En 2016 se cumplieron los vaticinios que Thomas Frank realizó años atrás en ¿Qué pasa con Kansas? y el auge del conservadurismo antistablishment se tradujo en la llegada de un heterodoxo arribista a la presidencia de los Estados Unidos; el mismo año en el que la sociedad colombiana abofeteó las bienaventuradas pretensiones de sus dirigentes al disponer el derecho a la paz en un referendo; el año en el que Matteo Renzi resultó escaldado al pretender positivizar su modelo de tecnocracia cesarista en detrimento del texto constitucional más democrático de Europa (el “espíritu de la resistencia traducido en derecho”, que diría Piero Calamandrei); el año en el que el histórico euroescepticismo británico se creyó mayoritario y heló a las élites de Bruselas. Un annus horriblis para el caóticamente planeado proyecto de la globalización, no cabe duda.

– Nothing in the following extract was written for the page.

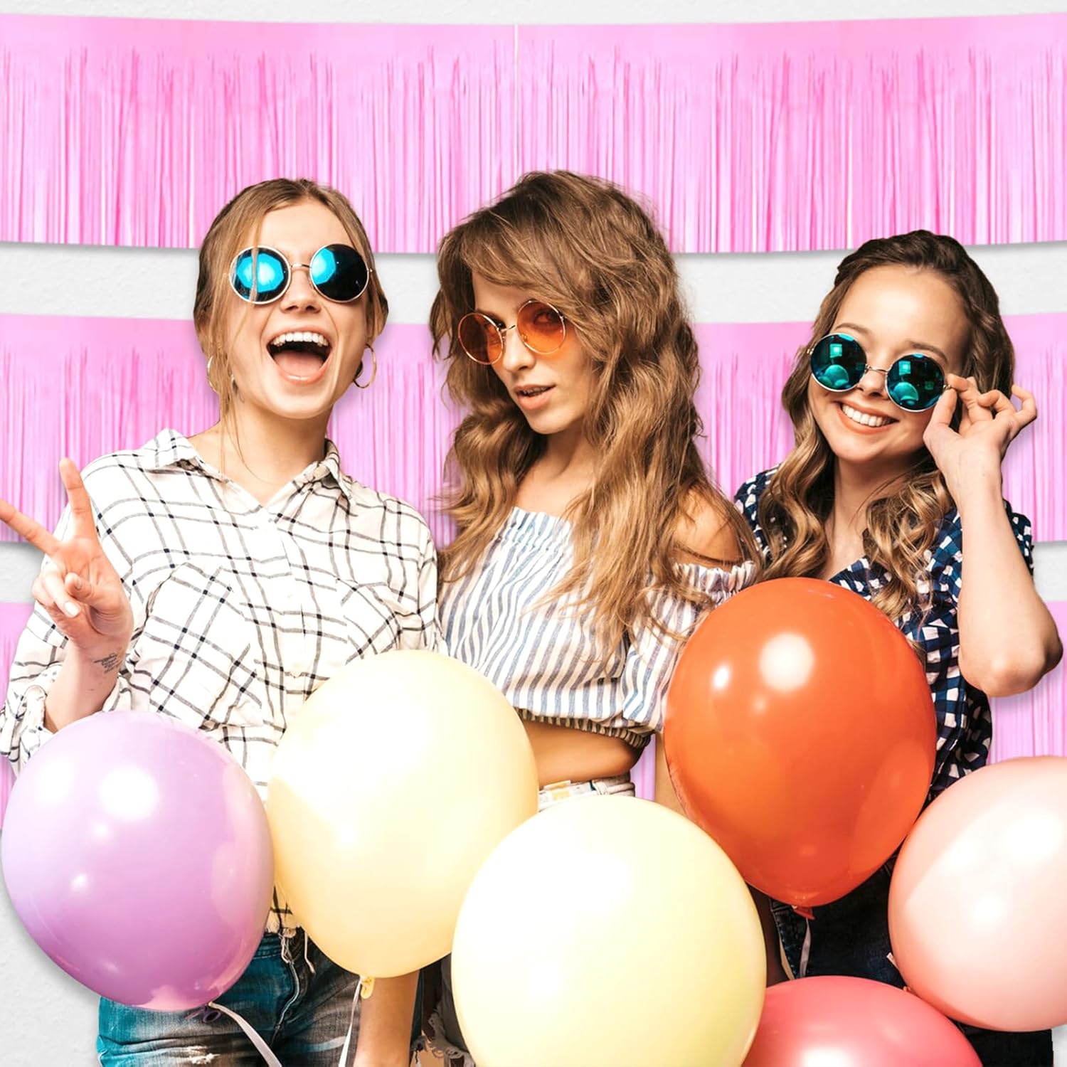 3 Pack 10 Long Macaron Pink Metallic Foil Fringe Garland Wall Hanging Tassle Banner, Mother's Day, Easter, Parade Floats, Birthday, Theme Party, Wedding Party Decorations
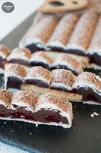 Metemos la ganache en una manga y rellenamos el molde hasta un poco menos de la mitad. Ahora ponemos tres tiras de gel de frambuesa y cubrimos con mas ganache, finalmente ponemos el sable y presionamos ligeramente (aquí lo ideal es que el sable sea finito para que nos quepa bien, a mí me quedo un poco gordito y tuve que presionarlo bastante para que me cupiera en el molde y eso hizo que la frambuesa se me fuera para los lados, así que cuanto más finito sea el sable mejor os quedara). Terminamos de rellenar los bordes con mas ganache, alisamos bien procurando dejar espacio para poder cerrar después con la cobertura exterior.

La mayoría de conclusiones que se disfrazan de racionales proponen análisis autocomplacientes sobre los que se proyecta esa clase de optimismo que se limita a dibujar estúpidas sonrisas en medio de la tempestad. Terry Eagleton lo calificó como “jovialidad intelectual”, una especie de obcecada e ingenua adhesión a la doctrina del progreso, mientras que el autor posmarxista no ha cesado en su empeño de mediatizar el término “esperanza” para referirse a la actitud de perseverancia a pesar y a causa de reconocer la derrota. 

No es mi intención entrar en juegos nominales que se limitan a valorar las expresiones y los palabros que pretenden catalogar una realidad escurridiza, sino hacer valer la vigencia de las actitudes para construir un horizonte que luzca mejor que este ensimismado presente. Una breve cartografía de la historia del pensamiento crítico ofrece ya demasiados ejemplos de tesis ingenuamente optimistas o de rabiosa pesadumbre.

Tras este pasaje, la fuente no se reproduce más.